The first player to find such an expression wins the turn, and adds all four cards to the bottom of his or her deck.

Each valid arithmetic expression must use all four cards, and must combine their values using addition, subtraction, multiplication, or division. Parentheses are allowed to specify precedence of operations. Juxtaposing cards to make multiple-digit decimal numbers is not allowed (e.g. you cannot place the cards 2 and 4 beside each other to make 24).

Non-integer quotients of division are also not allowed, even as a partial result (of a subexpression of the overall expression).
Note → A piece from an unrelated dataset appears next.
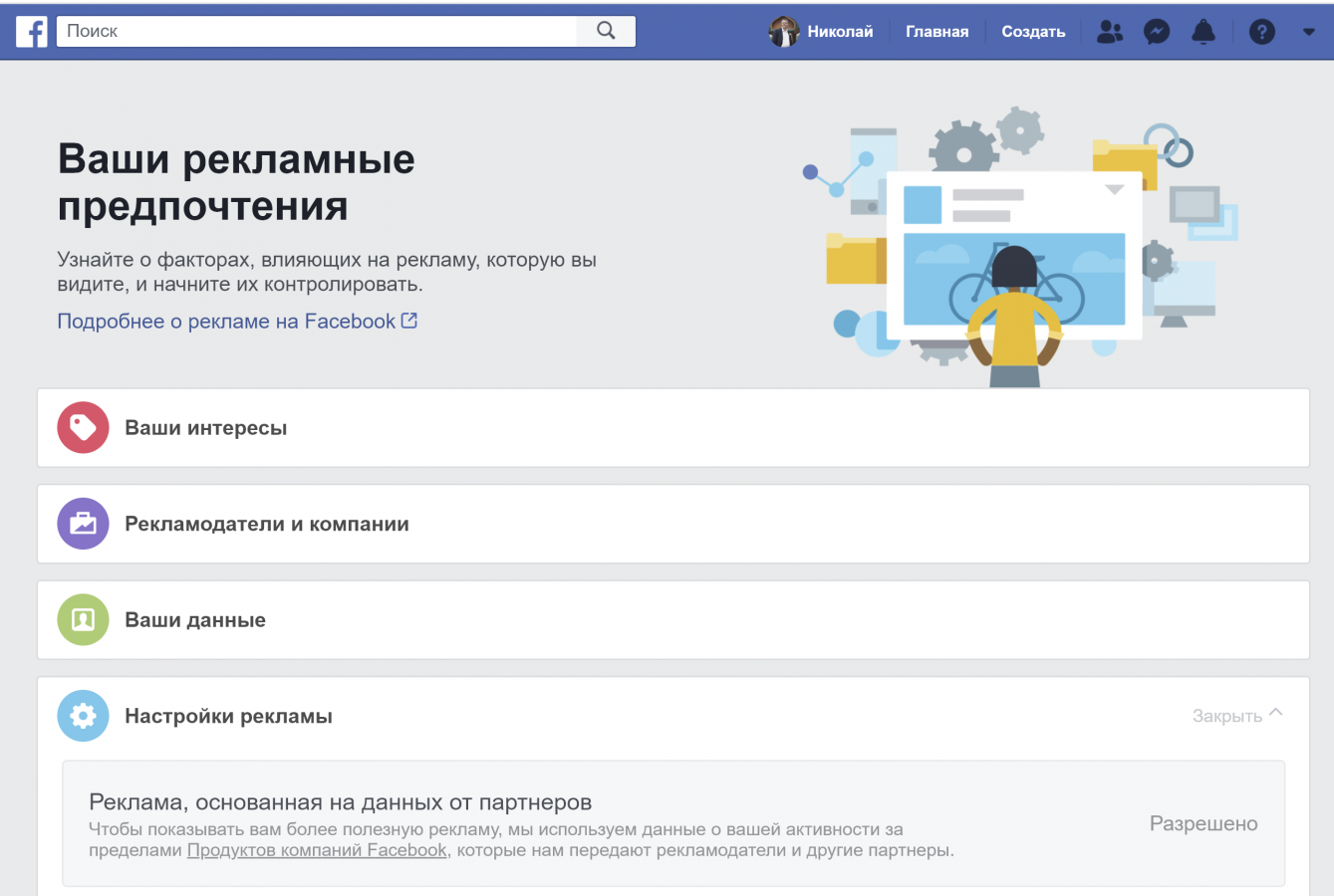 Если вы перейдете в раздел «Настройки» в Facebook и в левом пункте меню выберете пункт «реклама», то вы попадете в раздел «Рекламные предпочтения».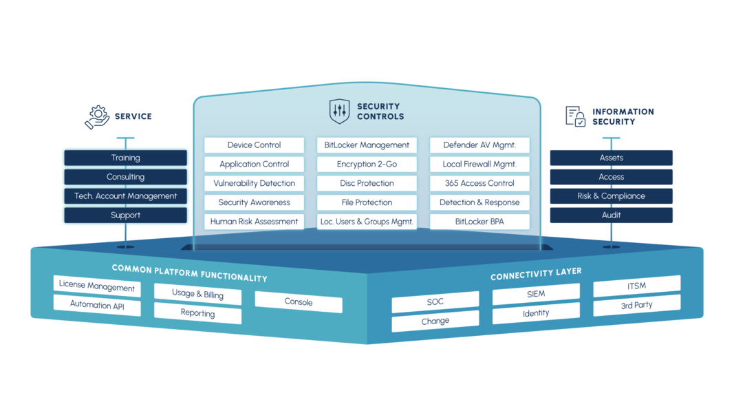 Unser Partner DriveLock versteht sich, als führender deutscher IT-Security Anbieter und sorgt für zuverlässige Sicherheit auf Ihren Endgeräten. Der mehrschichtige Sicherheitsansatz des deutschen Herstellers deckt Speicherlaufwerke, Endgeräte, Applikationen sowie Daten ab, verschlüsselt (mobile) Endgeräte und integriert situationsbedingte Sicherheitsunterweisungen in die Lösung. Die Module können on-premise, als gemanagte Lösung und als Cloud-Dienst eingesetzt werden und sind ein wichtiger Bestandteil einer Zero Trust Strategie. Der Hersteller ist international vielfach ausgezeichnet worden und ist u. a. ISO-27001 zertifiziert und hat das Siegel »SecurITy – Made in Germany«.

In some cases, the players may take a very long time to find an expression evaluating to 24. In fact, in some cases, no such expression exists. Your task is to determine, given four cards, an expression that evaluates to the largest number less than or equal to 24.

Input Specification

The first line contains an integer $1 \leq N \leq 5$ indicating the number of card hands that follow. Each hand consists of four lines. Each of these lines is an integer $1 \leq C \leq 13$ indicating the value of a card.

Output Specification

For each hand, output a line containing an integer $n$ if the cards can be combined using arithmetic operators to evaluate to $n$. The value n should be the largest possible value amongst all possible arithmetic expressions using these 4 cards, so long as $n \leq 24$.

Sample Input

3
3
3
3
3
1
1
1
1
12
5
13
1

Output for Sample Input

24
4
21

import java.util.*;

public class Main {
    // 保存当前最大的、且不超过 24 的结果
    static int best;

    public static void main(String[] args) {
        Scanner sc = new Scanner(System.in);
        int T = sc.nextInt();  // 手数（1<=T<=5）
        for (int t = 0; t < T; t++) {
            List<Integer> cards = new ArrayList<>();
            // 读入四张牌的数值
            for (int i = 0; i < 4; i++) {
                cards.add(sc.nextInt());
            }
            best = Integer.MIN_VALUE;  // 初始化为极小值
            solve(cards);
            System.out.println(best);
        }
    }

    // 递归求解：nums 中存放当前待合并的数字
    static void solve(List<Integer> nums) {
        // 当只剩下一个数字时，就是一种表达式的计算结果
        if (nums.size() == 1) {
            int result = nums.get(0);
            if (result <= 24 && result > best) {
                best = result;
            }
            return;
        }
        // 枚举所有两个不同的数字组合
        for (int i = 0; i < nums.size(); i++) {
            for (int j = i + 1; j < nums.size(); j++) {
                int a = nums.get(i);
                int b = nums.get(j);
                // 构造一个新的列表，去除选中的 a 和 b
                List<Integer> next = new ArrayList<>();
                for (int k = 0; k < nums.size(); k++) {
                    if (k != i && k != j) {
                        next.add(nums.get(k));
                    }
                }
                
                // 尝试所有可能的运算
                List<Integer> possible = new ArrayList<>();
                possible.add(a + b);
                possible.add(a * b);
                possible.add(a - b);
                possible.add(b - a);
                // 除法只有在除尽的情况下才合法
                if (b != 0 && a % b == 0)
                    possible.add(a / b);
                if (a != 0 && b % a == 0)
                    possible.add(b / a);
                
                // 将运算结果加入列表继续递归
                for (int val : possible) {
                    next.add(val);
                    solve(next);
                    next.remove(next.size() - 1);
                }
            }
        }
    }
}

递归思想

利用递归枚举所有可能的运算顺序。每一次从列表中选取两个数字，并尝试所有合法的运算，然后把结果与剩余数字合并继续递归。这样就枚举了所有不同的运算树（即所有可能的括号方式）。

运算合法性判断

对于除法运算，只有当分子能够被分母整除时才认为是合法的运算，从而保证中间结果均为整数。

答案更新

当递归到只剩下一个数字时，若其小于等于 24，则更新全局变量 best 为当前最大值。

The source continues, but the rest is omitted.